2.3. Synthesis of activated carbon (AC)

A raw material, peanut shell waste (PSW), was used to fabricate AC through a conventional direct pyrolysis technique reported by Sylla et al.⁴⁵ Briefly, the PSW was collected, washed with deionized water, dried under direct sunlight for over 12 h, and crushed into fine powder. The mixture of 5 g of PSW powder, 1 g of NaCl, and 0.5 g of urea with deionized water (a few drops) was dried at 80 °C overnight and then transferred into a furnace under a 250 sccm argon flow for 2 h at 600 °C. The obtained black product was mixed with porosity-enhancing KOH agents and submitted to pyrolysis at 850 °C for 1 h under 250 sccm argon flow.
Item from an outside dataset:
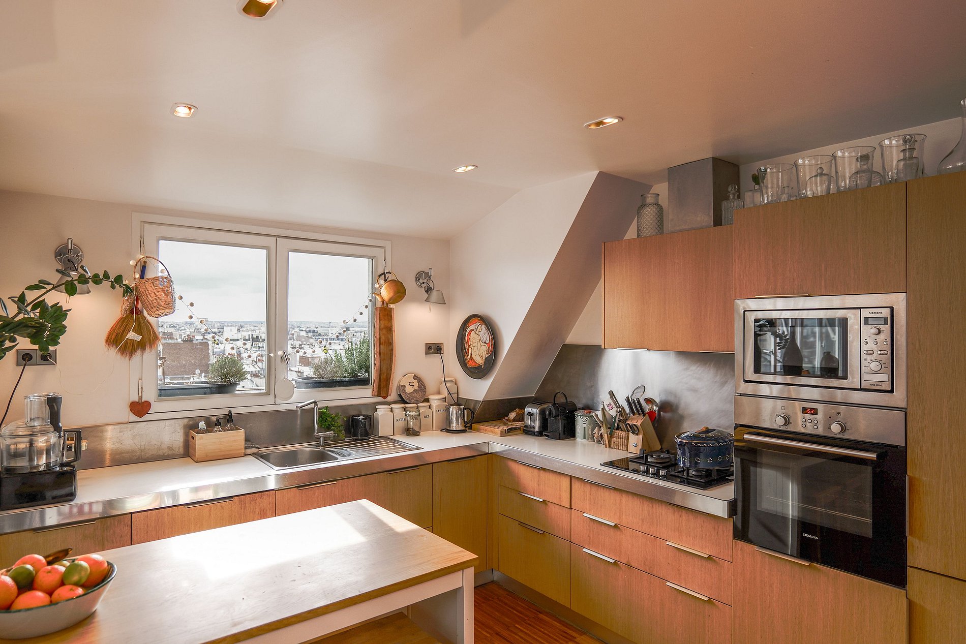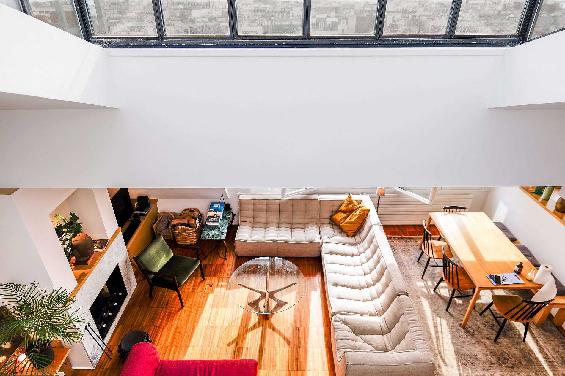 An elegant staircase leads to the 9th floor, where a glass lookout on the sides and above offers a breathtaking panoramic view of all of Paris. This unique vantage point allows you to admire the city from a new angle, making this apartment a true gem in the heart of the French capital.

After filtering, the solid material was washed with deionized water until neutral pH and then dried at 80 °C for 12 hours.

3. Characterization methods

Structural and morphological properties were examined by (i) X-ray diffraction measurements (Bruker D8 Advance, λ = 1.542 Å), (ii) Raman spectroscopy (laser wavelength λ = 473.1 nm), (iii) X-ray photoelectronic spectrometry (model: VG Escalab 220i XL, Al Kα 1,2 polychromatic source hν = 1486.6 eV), (iv) scanning electron microscopy (Tescan Vega3 LMH) and (v) transmission electron microscopy (model: JEM 2100 F, 200 kV). The porosity was evaluated by nitrogen adsorption–desorption measurements (relative pressure P/P₀: from 0.0 to 1.0) using the Brunauer–Emmett–Teller analysis (BET: Quantachrome), and the specific surface area was determined by BET theory. The electrochemical study was performed using a Biologic VMP 300 instrument, reference electrode (Ag/AgCl: 3 M KCl saturated), and platinum plate counter electrode.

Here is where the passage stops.